F-2026Q2-INFRA-5: HSTS preload+includeSubDomains may break legacy subdomains (MEDIUM)

  • Location: Program.cs:217-225.
  • Description: HSTS is configured with MaxAge = 365 days, IncludeSubDomains = true, Preload = true in non-Development environments. If any current or future *.azaion.com subdomain serves over plain HTTP (legacy admin tools, internal monitoring, dev/staging mirrors of unrelated systems), browsers that have seen the header will refuse to connect to those subdomains. Worse, HSTS preload registration is essentially permanent — the Chrome HSTS preload list takes weeks/months to be removed from once submitted, even after the header is disabled.
  • Impact: operational blast radius if a non-HTTPS subdomain exists or is added later. Preload makes the mistake hard to reverse.
  • Remediation:
    1. Audit all *.azaion.com subdomains; confirm 100% HTTPS-only (including any internal-only ones — DNS hijacking can expose them to user browsers).
    2. Document the subdomain inventory in _docs/04_deploy/.
    3. Consider gating Preload = true behind an env var so staging and dev hosts don't trigger preload-list submission attempts.
    4. Do NOT submit to the public preload list (https://hstspreload.org) until the audit is complete and signed off.

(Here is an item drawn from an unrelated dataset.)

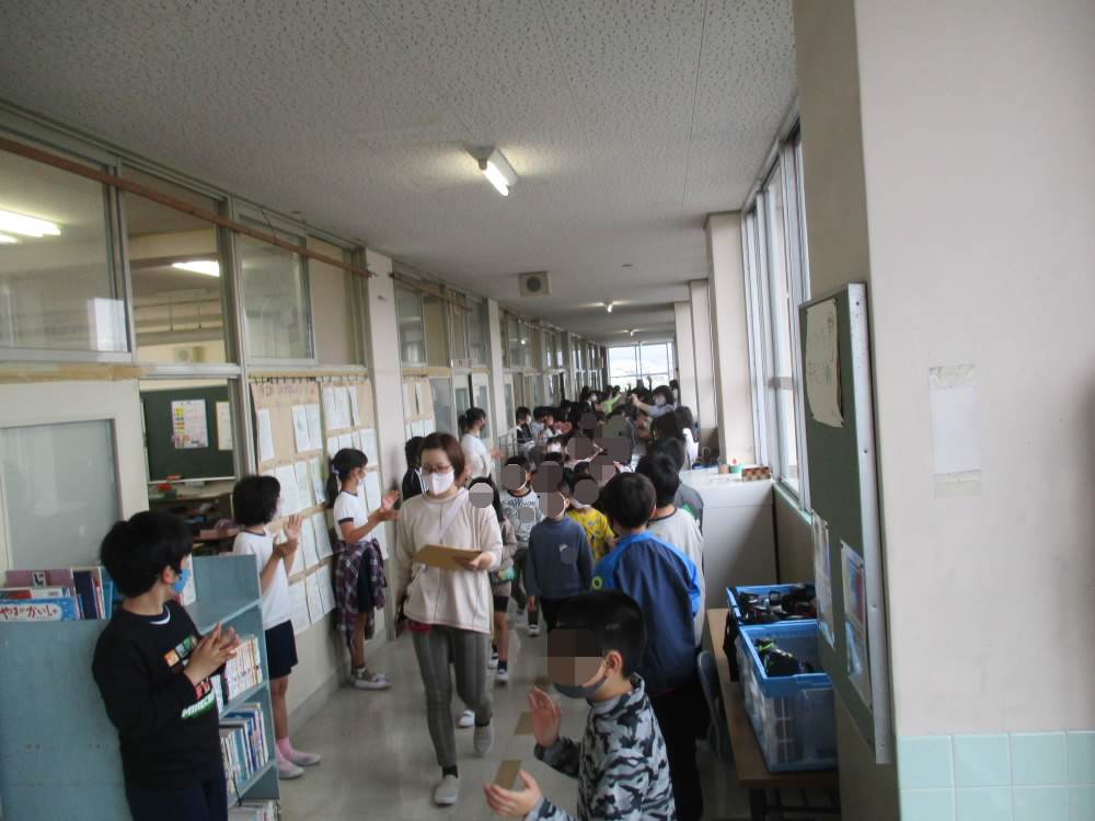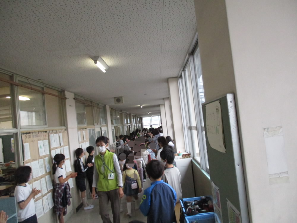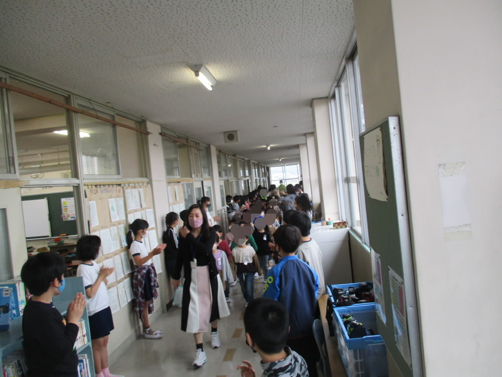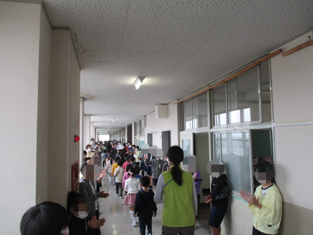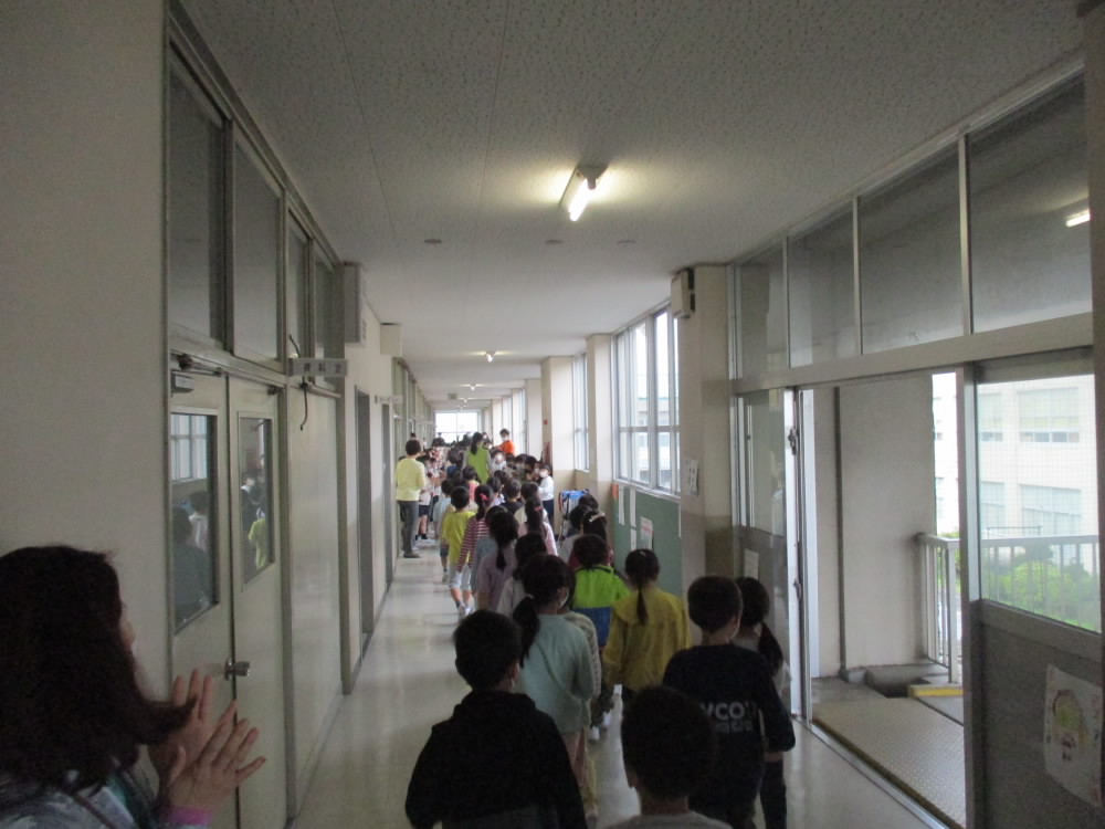 1年生が「さんぽ」のリズムに乗って各教室前の廊下をねり歩き、2年生から6年生までのみんなが歓迎するという形で行いました。

F-2026Q2-INFRA-6: audit_events table has no retention policy (LOW — operational hygiene)

  • Location: env/db/07_auth_lockout_and_audit.sql.
  • Description: audit_events is append-only with no documented retention or partitioning. Every login attempt writes a row. At 10K users × 5 attempts/day = 50K rows/day = ~18M rows/year. Postgres handles this fine, and the composite index (event_type, email, occurred_at DESC) keeps CountRecentFailedLogins sub-millisecond, but unbounded growth has compliance implications (GDPR / data minimization), backup/restore time, and storage cost.
  • Impact: not a security risk per se — audit completeness is the goal — but the regulatory storage horizon needs a stated answer.
  • Remediation: agree retention (CMMC says ≥1 year for audit logs), add a nightly DELETE FROM audit_events WHERE occurred_at < now() - interval '13 months' job (cron + small script), document in _docs/04_deploy/. Optional: switch to monthly partitions so the cleanup is DROP PARTITION instead of a row-by-row delete.

F-2026Q2-INFRA-7: JwtSigningKeyProvider silent fallback to first PEM (MEDIUM)

  • Location: Azaion.Services/JwtSigningKeyProvider.cs:73-86.
  • Description: when JwtConfig.ActiveKid is unset, the provider picks the alphabetically-first PEM and only logs at LogInformation. Adding a new PEM with a name that sorts earlier silently changes the signing key on next restart. The deploy script in scripts/start-services.sh does not require ActiveKid, and .env.example:25-26 calls it "optional".
  • Impact: operator drops kid-2026-04-aaa.pem thinking it's a side-by-side rotation key, restart, and now all newly-minted tokens are signed under a kid the verifiers may not yet have in their JWKS cache (1-h max-age — fleet sees signature failures for up to 1 h).
  • Remediation:
    1. Make ActiveKid required when more than one PEM is present (fail-fast at startup if ambiguous).
    2. If exactly one PEM exists, accept it but log at Warning (not Information).
    3. Update .env.example to mark ActiveKid as required for prod rather than "optional".
  • Cross-ref: same finding documented in static_analysis_cycle2.md as F-2026Q2-AUTH-7. Listed here too because the operational-hardening fix (require it in start-services.sh) is in this scope.

Re-verified categories (no cycle-2 regression)

Area Cycle-1 status Cycle-2 verdict
Container non-root user (F-6) FAIL PASS — Dockerfile now sets USER app (line 40) and chowns /app/Content + /app/logs. Closes F-6.
Production HTTPS enforcement (F-13) FAIL PASSapp.UseHttpsRedirection() + app.UseHsts() enabled in non-Development. Closes F-13 in code (still reverse-proxy fronting in deploy).
CORS tight TIGHTER — cycle-2 dropped the http://admin.azaion.com origin. Only https://admin.azaion.com remains.
Image pinned by digest WARN unchanged. Deferred.
Secrets via env vars PASS unchanged.
Test sidecar / E2E images acceptable unchanged.
Test compose ASPNETCORE_ENVIRONMENT=Development acceptable for tests unchanged. Flag operator risk: a misconfigured prod that inherits this value silently loses HTTPS enforcement and HSTS.
.gitignore excludes secrets PASS PASSsecrets/jwt-keys/* is gitignored; only .gitkeep tracked. Verified no PEMs in repo.

Self-verification

  • All cycle-2-touched infra files reviewed (Dockerfile, docker-compose.test.yml, scripts/, secrets/, .env.example, appsettings*.json, .woodpecker/*)
  • Each finding has file path + line number + remediation
  • Cycle-1 closures verified by re-reading the code (F-6 USER directive, F-13 HSTS+HttpsRedirection)
  • No false positives from test-only files (test fixtures are flagged as acceptable, not as findings)